= Polyna Savridi =

American opera singer (died 1980)

Polyna Savridi (died October 1, 1980) was an American operatic soprano and voice teacher. As a singer she was primarily active on the international stage during the 1960s, and only performed infrequently afterwards. She taught briefly on the voice faculties of Columbia University and the Jacobs School of Music during the early 1960s before settling at the University of Calgary where she was a professor of voice from 1963 until her death from cancer seventeen years later. She is best remembered for her recordings of Greek folk songs for Concord Records and as a winner of the Metropolitan Opera National Council Auditions.

==Life and career==
Born in New York City and raised in Athens, Greece, and Boston, Massachusetts, Savridi earned a Bachelor of Music degree from the Longy School of Music in 1959 and later pursued graduate studies at the State Conservatory of Thessaloniki in Greece. In 1960 she won the Metropolitan Opera National Council Auditions. In 1961 she released her first recording, Polyna Savridi Sings of Greece, with Concord Records.

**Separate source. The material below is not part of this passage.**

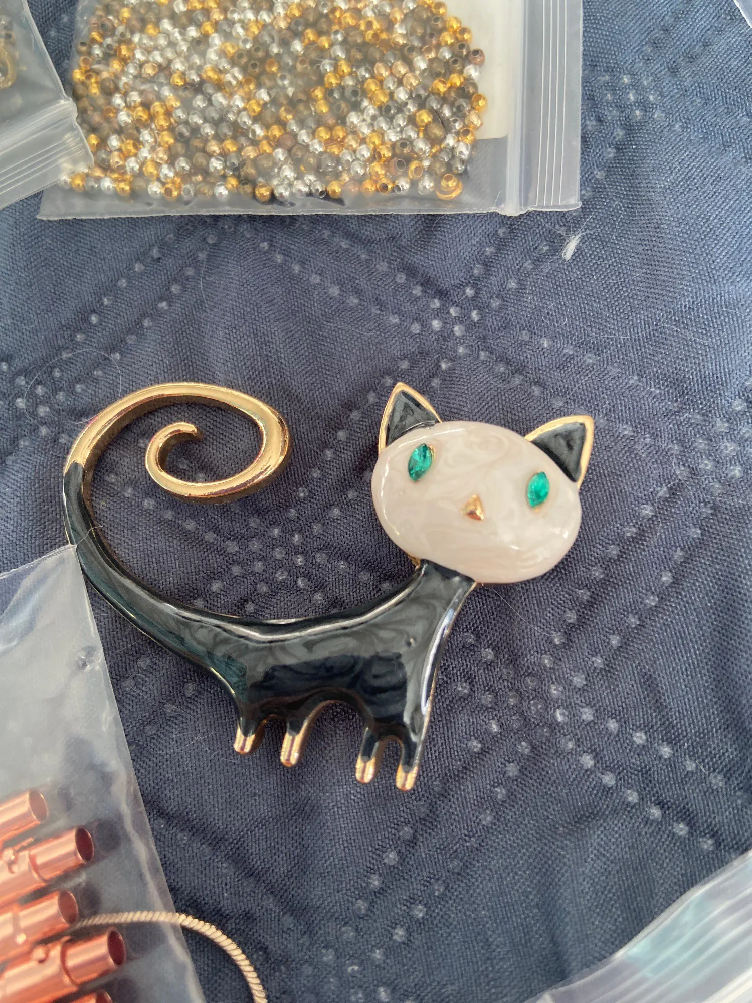 Котика прицепила к сумке , очень радует , спасибо продавцу , качественная и симпатичная брошь. Точное описание . Рекомендую к покупке .

In 1960 Savridi won a McBride Scholarship, which enabled her to study singing in Italy. While there, she won two singing competitions and made her professional opera debut in 1961 as Mimì to Luciano Pavarotti's Rodolfo in La bohème at the Teatro Comunale Modena. In 1963 she performed the role of Giunone in Monteverdi's Il ritorno d'Ulisse in patria at the Teatro San Cassiano. She recorded the work that year for Turnabout/Vox Records. She was also a principal artist with the Bavarian State Opera and Theater Augsburg in Germany during the 1960s.

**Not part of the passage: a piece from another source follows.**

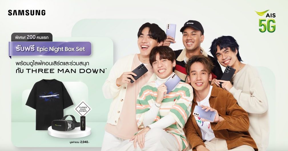 ยังไม่จบแต่เพียงเท่านั้น! เพราะทั้ง 3 แบรนด์ยังได้เตรียมอีกหนึ่งความพิเศษให้กับเหล่าแฟนเพลง ด้วยการส่ง ‘Epic Night Box Set’ ที่ออกแบบโดย THREE MAN DOWN จำนวนจำกัดเพียง 200 ชุด มูลค่า 2,040 บาท มาให้ทุกคนมีไว้ในครอบครอง เพียงแค่ซื้อ Samsung Galaxy S21 Series 5G ราคาพิเศษโครงการ Hot Deal และ Best Buy (ยกเว้นเครื่องเปล่า) ระหว่างวันนี้ – 31 พ.ค. 64 ที่ AIS Shop และ AIS Online Store พร้อมลงทะเบียนที่ www.ais.co.th/SamsungS21 ตั้งแต่วันที่ 7-31 พ.ค. 64 โดยภายในกล่องนั้นจะประกอบด้วย THREE MAN DOWN Galactic T-Shirt, แท่งไฟ THREE MAN DOWN และ AIS 5G VR Port

In 1965/66 Savridi went on a national tour with the Metropolitan Opera National Company, performing the title role in Puccini's Madama Butterfly, including performances at the John F. Kennedy Center for the Performing Arts, the Seattle Opera, and the Palacio de Bellas Artes in Mexico City. In 1971 she was the soprano soloist Joseph Haydn's Missa in angustiis with the Calgary Festival Chorus and conductor John Searchfield. In 1977 she portrayed Donna Elvira in Calgary Opera's production of Mozart's Don Giovanni with John Reardon in the title role.

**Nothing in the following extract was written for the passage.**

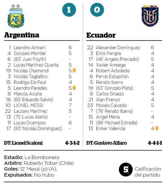 Si a los 5' el chileno Tobar hubiera marcado el claro penal que Arreaga le cometió a Lionel Messi (de hizo de la camiseta un chicle), el partido se hubiera empezado a resolver mucho tiempo antes. Es cierto, el penal que el árbitro cobró cinco minutos después quizá lo hubiera obviado, pero así se dieron las cosas en el arranque de Argentina-Ecuador, en el que el equipo de Lionel Scaloni, aun sin sobrarle demasiado, le sobró oficio para imponerse ante los temores extremos de parte de conjunto de Gustavo Alfaro. Una participación activa de Messi y correcto acompañamiento del resto le alcanzó a la Argentina para arrancar con el pie derecho las eliminatorias rumbo a Qatar 2022. Escueto y Apenas discreto 1 a 0.

Savridi taught voice at the Jacobs School of Music of Indiana University and Columbia University before joining the voice faculty at the University of Calgary in 1963. She taught at the University of Calgary until her death from cancer in 1980. She died in Calgary, Alberta, Canada. One of her pupils was Chinese soprano and voice teacher Rosaline Pi (畢永琴).

The Polyna Savridi Memorial Foundation at the University of Calgary annually grants entrance and undergraduate scholarships. The Savridi Singers, a Calgary-based choir, was established in 1986 in honor of Savridi's legacy.